◆ PROBLEM: Below is a block of entries; repeat all of it exactly but omit the pictures.
--- START ---
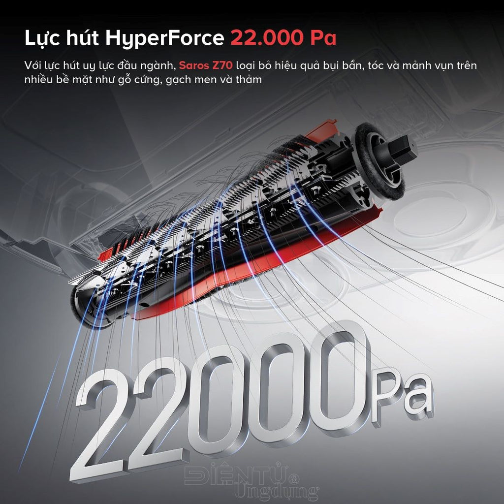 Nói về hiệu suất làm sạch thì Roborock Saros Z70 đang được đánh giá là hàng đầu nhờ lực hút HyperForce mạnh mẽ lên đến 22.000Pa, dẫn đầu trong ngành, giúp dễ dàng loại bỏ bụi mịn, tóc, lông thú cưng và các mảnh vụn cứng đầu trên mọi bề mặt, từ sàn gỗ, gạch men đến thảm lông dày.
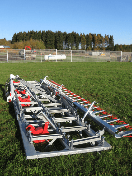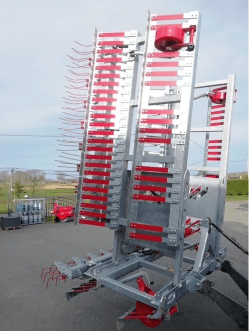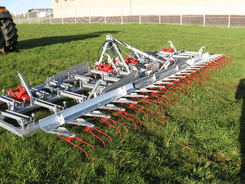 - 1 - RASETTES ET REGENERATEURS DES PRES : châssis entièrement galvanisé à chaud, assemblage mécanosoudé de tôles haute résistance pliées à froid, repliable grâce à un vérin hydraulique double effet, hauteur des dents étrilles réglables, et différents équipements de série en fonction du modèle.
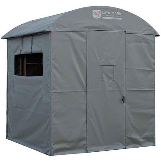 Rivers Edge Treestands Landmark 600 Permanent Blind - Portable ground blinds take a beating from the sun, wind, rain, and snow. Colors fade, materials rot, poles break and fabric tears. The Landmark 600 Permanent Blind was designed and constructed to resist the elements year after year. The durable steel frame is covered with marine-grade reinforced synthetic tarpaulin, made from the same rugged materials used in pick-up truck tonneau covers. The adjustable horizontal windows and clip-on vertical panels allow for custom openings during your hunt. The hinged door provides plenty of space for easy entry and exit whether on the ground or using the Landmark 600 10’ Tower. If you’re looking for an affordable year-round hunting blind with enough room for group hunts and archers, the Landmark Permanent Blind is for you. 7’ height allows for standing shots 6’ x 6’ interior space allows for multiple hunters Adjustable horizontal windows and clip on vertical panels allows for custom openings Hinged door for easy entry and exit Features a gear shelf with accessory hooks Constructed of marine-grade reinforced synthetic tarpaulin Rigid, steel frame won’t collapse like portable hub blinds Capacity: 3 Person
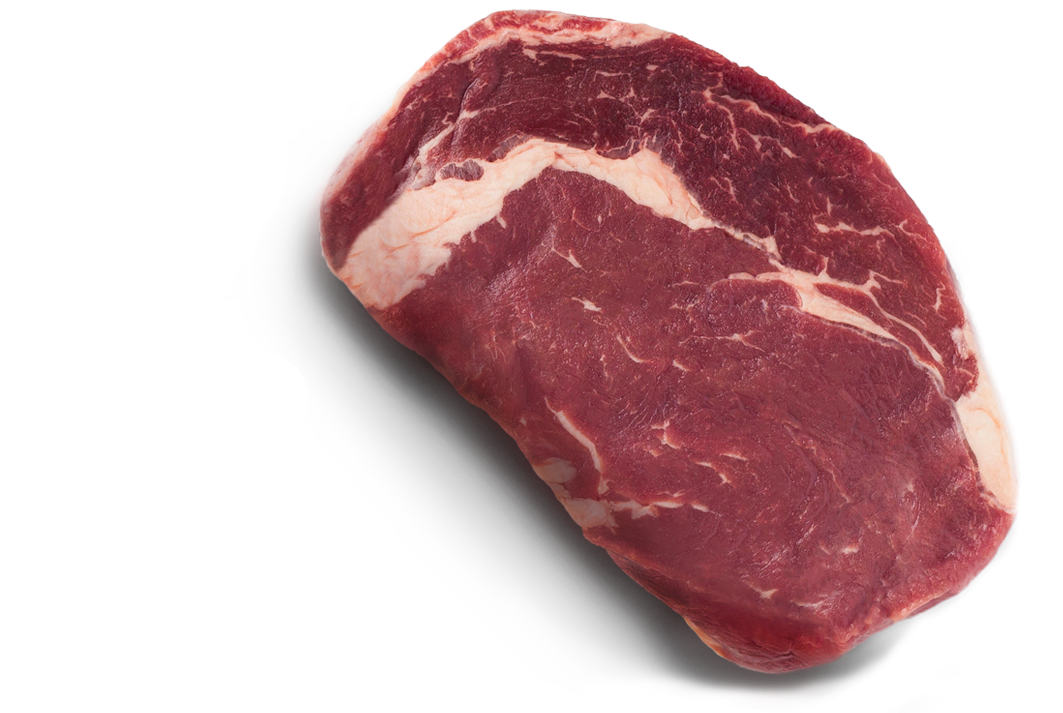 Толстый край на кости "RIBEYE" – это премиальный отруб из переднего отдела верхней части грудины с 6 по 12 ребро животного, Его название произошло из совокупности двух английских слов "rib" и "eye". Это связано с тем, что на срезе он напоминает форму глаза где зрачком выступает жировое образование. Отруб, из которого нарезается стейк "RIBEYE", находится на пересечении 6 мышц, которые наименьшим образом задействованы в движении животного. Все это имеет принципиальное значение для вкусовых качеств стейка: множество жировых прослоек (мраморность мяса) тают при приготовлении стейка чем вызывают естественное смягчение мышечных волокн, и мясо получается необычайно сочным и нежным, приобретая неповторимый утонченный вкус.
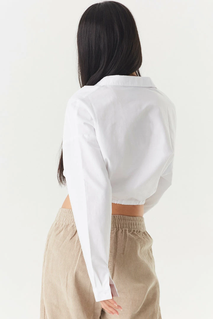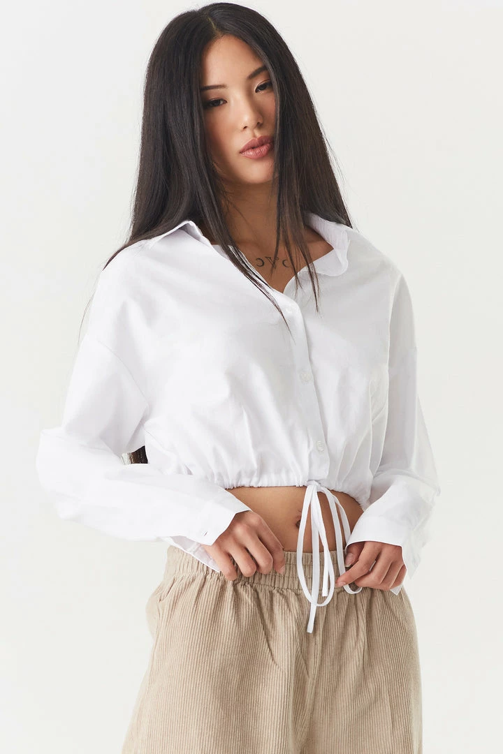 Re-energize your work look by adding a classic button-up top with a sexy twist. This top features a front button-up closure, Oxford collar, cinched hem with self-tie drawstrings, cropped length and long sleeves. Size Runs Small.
--- END ---
◆ ANSWER:
 Nói về hiệu suất làm sạch thì Roborock Saros Z70 đang được đánh giá là hàng đầu nhờ lực hút HyperForce mạnh mẽ lên đến 22.000Pa, dẫn đầu trong ngành, giúp dễ dàng loại bỏ bụi mịn, tóc, lông thú cưng và các mảnh vụn cứng đầu trên mọi bề mặt, từ sàn gỗ, gạch men đến thảm lông dày.
 - 1 - RASETTES ET REGENERATEURS DES PRES : châssis entièrement galvanisé à chaud, assemblage mécanosoudé de tôles haute résistance pliées à froid, repliable grâce à un vérin hydraulique double effet, hauteur des dents étrilles réglables, et différents équipements de série en fonction du modèle.
 Rivers Edge Treestands Landmark 600 Permanent Blind - Portable ground blinds take a beating from the sun, wind, rain, and snow. Colors fade, materials rot, poles break and fabric tears. The Landmark 600 Permanent Blind was designed and constructed to resist the elements year after year. The durable steel frame is covered with marine-grade reinforced synthetic tarpaulin, made from the same rugged materials used in pick-up truck tonneau covers. The adjustable horizontal windows and clip-on vertical panels allow for custom openings during your hunt. The hinged door provides plenty of space for easy entry and exit whether on the ground or using the Landmark 600 10’ Tower. If you’re looking for an affordable year-round hunting blind with enough room for group hunts and archers, the Landmark Permanent Blind is for you. 7’ height allows for standing shots 6’ x 6’ interior space allows for multiple hunters Adjustable horizontal windows and clip on vertical panels allows for custom openings Hinged door for easy entry and exit Features a gear shelf with accessory hooks Constructed of marine-grade reinforced synthetic tarpaulin Rigid, steel frame won’t collapse like portable hub blinds Capacity: 3 Person
 Толстый край на кости "RIBEYE" – это премиальный отруб из переднего отдела верхней части грудины с 6 по 12 ребро животного, Его название произошло из совокупности двух английских слов "rib" и "eye". Это связано с тем, что на срезе он напоминает форму глаза где зрачком выступает жировое образование. Отруб, из которого нарезается стейк "RIBEYE", находится на пересечении 6 мышц, которые наименьшим образом задействованы в движении животного. Все это имеет принципиальное значение для вкусовых качеств стейка: множество жировых прослоек (мраморность мяса) тают при приготовлении стейка чем вызывают естественное смягчение мышечных волокн, и мясо получается необычайно сочным и нежным, приобретая неповторимый утонченный вкус.
 Re-energize your work look by adding a classic button-up top with a sexy twist. This top features a front button-up closure, Oxford collar, cinched hem with self-tie drawstrings, cropped length and long sleeves. Size Runs Small.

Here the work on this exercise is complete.